Would it be possible to reproduce every entry exactly, please?
———
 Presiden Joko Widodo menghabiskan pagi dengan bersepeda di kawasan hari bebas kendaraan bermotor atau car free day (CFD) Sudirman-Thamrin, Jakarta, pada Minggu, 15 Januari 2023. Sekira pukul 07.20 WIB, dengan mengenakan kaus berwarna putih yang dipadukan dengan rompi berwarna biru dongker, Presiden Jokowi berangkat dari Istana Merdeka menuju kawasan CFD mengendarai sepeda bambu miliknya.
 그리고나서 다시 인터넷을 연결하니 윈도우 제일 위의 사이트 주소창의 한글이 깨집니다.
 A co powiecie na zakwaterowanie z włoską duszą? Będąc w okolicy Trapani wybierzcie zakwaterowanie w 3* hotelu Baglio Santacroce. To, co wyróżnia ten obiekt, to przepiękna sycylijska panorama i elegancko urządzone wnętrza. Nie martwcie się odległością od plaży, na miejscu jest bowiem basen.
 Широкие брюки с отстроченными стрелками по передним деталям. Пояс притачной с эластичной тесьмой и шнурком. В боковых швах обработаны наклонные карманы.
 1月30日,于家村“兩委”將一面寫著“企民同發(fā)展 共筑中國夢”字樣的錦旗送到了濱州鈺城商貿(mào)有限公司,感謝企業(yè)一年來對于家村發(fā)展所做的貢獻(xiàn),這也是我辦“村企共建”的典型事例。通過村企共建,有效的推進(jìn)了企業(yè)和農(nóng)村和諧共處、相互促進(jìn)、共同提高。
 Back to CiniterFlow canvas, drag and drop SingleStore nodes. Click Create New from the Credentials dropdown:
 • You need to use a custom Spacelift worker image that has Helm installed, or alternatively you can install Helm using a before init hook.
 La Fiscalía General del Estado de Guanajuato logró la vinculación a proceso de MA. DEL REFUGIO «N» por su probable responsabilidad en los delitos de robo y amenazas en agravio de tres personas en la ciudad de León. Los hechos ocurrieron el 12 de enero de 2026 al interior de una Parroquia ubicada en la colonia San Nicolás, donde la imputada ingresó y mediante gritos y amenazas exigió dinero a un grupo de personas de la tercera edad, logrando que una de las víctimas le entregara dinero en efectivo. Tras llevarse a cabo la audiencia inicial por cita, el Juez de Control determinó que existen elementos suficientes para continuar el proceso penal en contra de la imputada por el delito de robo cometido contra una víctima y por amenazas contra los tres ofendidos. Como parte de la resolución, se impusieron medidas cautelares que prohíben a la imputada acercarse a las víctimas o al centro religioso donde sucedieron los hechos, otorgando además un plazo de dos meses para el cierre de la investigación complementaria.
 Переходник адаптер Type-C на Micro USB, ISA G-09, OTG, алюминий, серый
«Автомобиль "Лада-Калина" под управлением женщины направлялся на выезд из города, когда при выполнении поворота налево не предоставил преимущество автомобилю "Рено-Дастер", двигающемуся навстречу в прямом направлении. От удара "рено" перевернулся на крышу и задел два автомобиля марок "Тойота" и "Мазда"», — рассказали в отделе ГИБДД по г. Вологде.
———
**TASK SOLUTION**
 Presiden Joko Widodo menghabiskan pagi dengan bersepeda di kawasan hari bebas kendaraan bermotor atau car free day (CFD) Sudirman-Thamrin, Jakarta, pada Minggu, 15 Januari 2023. Sekira pukul 07.20 WIB, dengan mengenakan kaus berwarna putih yang dipadukan dengan rompi berwarna biru dongker, Presiden Jokowi berangkat dari Istana Merdeka menuju kawasan CFD mengendarai sepeda bambu miliknya.
 그리고나서 다시 인터넷을 연결하니 윈도우 제일 위의 사이트 주소창의 한글이 깨집니다.
 A co powiecie na zakwaterowanie z włoską duszą? Będąc w okolicy Trapani wybierzcie zakwaterowanie w 3* hotelu Baglio Santacroce. To, co wyróżnia ten obiekt, to przepiękna sycylijska panorama i elegancko urządzone wnętrza. Nie martwcie się odległością od plaży, na miejscu jest bowiem basen.
 Широкие брюки с отстроченными стрелками по передним деталям. Пояс притачной с эластичной тесьмой и шнурком. В боковых швах обработаны наклонные карманы.
 1月30日,于家村“兩委”將一面寫著“企民同發(fā)展 共筑中國夢”字樣的錦旗送到了濱州鈺城商貿(mào)有限公司,感謝企業(yè)一年來對于家村發(fā)展所做的貢獻(xiàn),這也是我辦“村企共建”的典型事例。通過村企共建,有效的推進(jìn)了企業(yè)和農(nóng)村和諧共處、相互促進(jìn)、共同提高。
 Back to CiniterFlow canvas, drag and drop SingleStore nodes. Click Create New from the Credentials dropdown:
 • You need to use a custom Spacelift worker image that has Helm installed, or alternatively you can install Helm using a before init hook.
 La Fiscalía General del Estado de Guanajuato logró la vinculación a proceso de MA. DEL REFUGIO «N» por su probable responsabilidad en los delitos de robo y amenazas en agravio de tres personas en la ciudad de León. Los hechos ocurrieron el 12 de enero de 2026 al interior de una Parroquia ubicada en la colonia San Nicolás, donde la imputada ingresó y mediante gritos y amenazas exigió dinero a un grupo de personas de la tercera edad, logrando que una de las víctimas le entregara dinero en efectivo. Tras llevarse a cabo la audiencia inicial por cita, el Juez de Control determinó que existen elementos suficientes para continuar el proceso penal en contra de la imputada por el delito de robo cometido contra una víctima y por amenazas contra los tres ofendidos. Como parte de la resolución, se impusieron medidas cautelares que prohíben a la imputada acercarse a las víctimas o al centro religioso donde sucedieron los hechos, otorgando además un plazo de dos meses para el cierre de la investigación complementaria.
 Переходник адаптер Type-C на Micro USB, ISA G-09, OTG, алюминий, серый
«Автомобиль "Лада-Калина" под управлением женщины направлялся на выезд из города, когда при выполнении поворота налево не предоставил преимущество автомобилю "Рено-Дастер", двигающемуся навстречу в прямом направлении. От удара "рено" перевернулся на крышу и задел два автомобиля марок "Тойота" и "Мазда"», — рассказали в отделе ГИБДД по г. Вологде.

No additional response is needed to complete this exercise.